Development of Mechanostimulated Patch-Clamp System for Cellular Physiological Study

Mechanosensitive ion channels play important roles for sensing and responding to the mechanical stimuli signals in living life. Here we report the development of a mechanostimulated patch-clamp system for simultaneous recording of external stimuli and acquisition of cellular physiological responses. This system integrates a custom-designed planar patch-clamp system with a robot-assisted atomic force microscope (AFM) system. The former, with a microfluidic channel, can realize not only recording electrical signals but also exchanging intracellular solution; while the latter, enhanced by robotic techniques (local scan force feedback, augmented reality vision feedback), can generate force stimuli with controllable patterns and magnitudes under the operator´s real-time monitoring.
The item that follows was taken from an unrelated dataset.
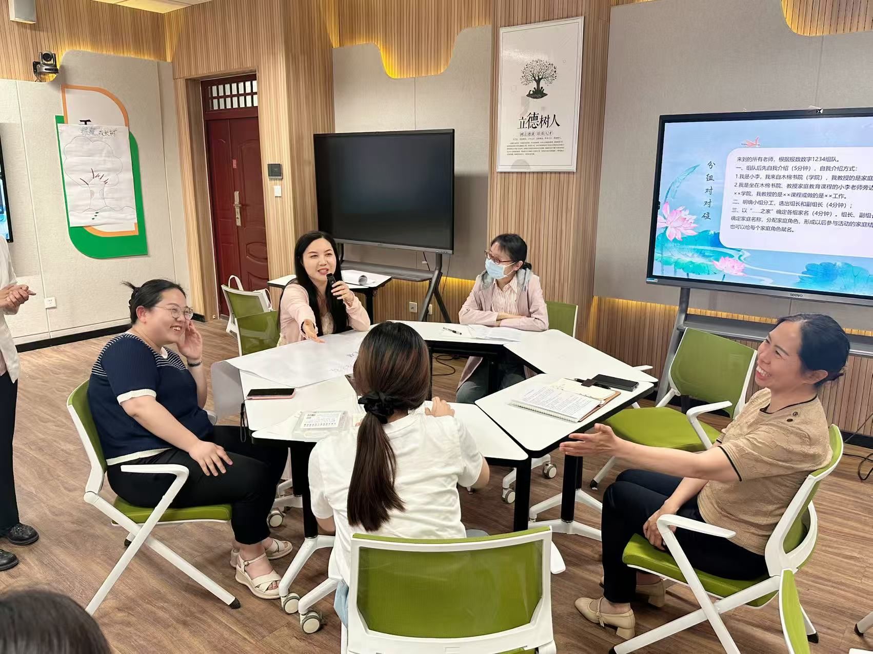 活动伊始,通过轻松愉快的自我介绍,让原本彼此陌生的教师们迅速拉近了距离。随后的“分组对对碰”环节,现场气氛热烈而欢快,教师们热情洋溢地组建起自己的“临时小家庭”,在互动中,初步体验了家庭协作的默契与乐趣。

To verify the performance of the developed system, we first measured the whole-cell current of the voltage-gated potassium ion channel Kv1.1 expressed on Human Embryonic Kidney (HEK293) cells and then recorded the mechanosensitive ion channel current in a mouse neuroblastoma cell line (Neuro2 A) in the whole-cell configuration during the AFM indenting on the membrane surface; finally, confirmed the ability to exchange intracellular solution by delivering propidium iodide into the captured cell through intracellular solution. The results prove the effectiveness of the system.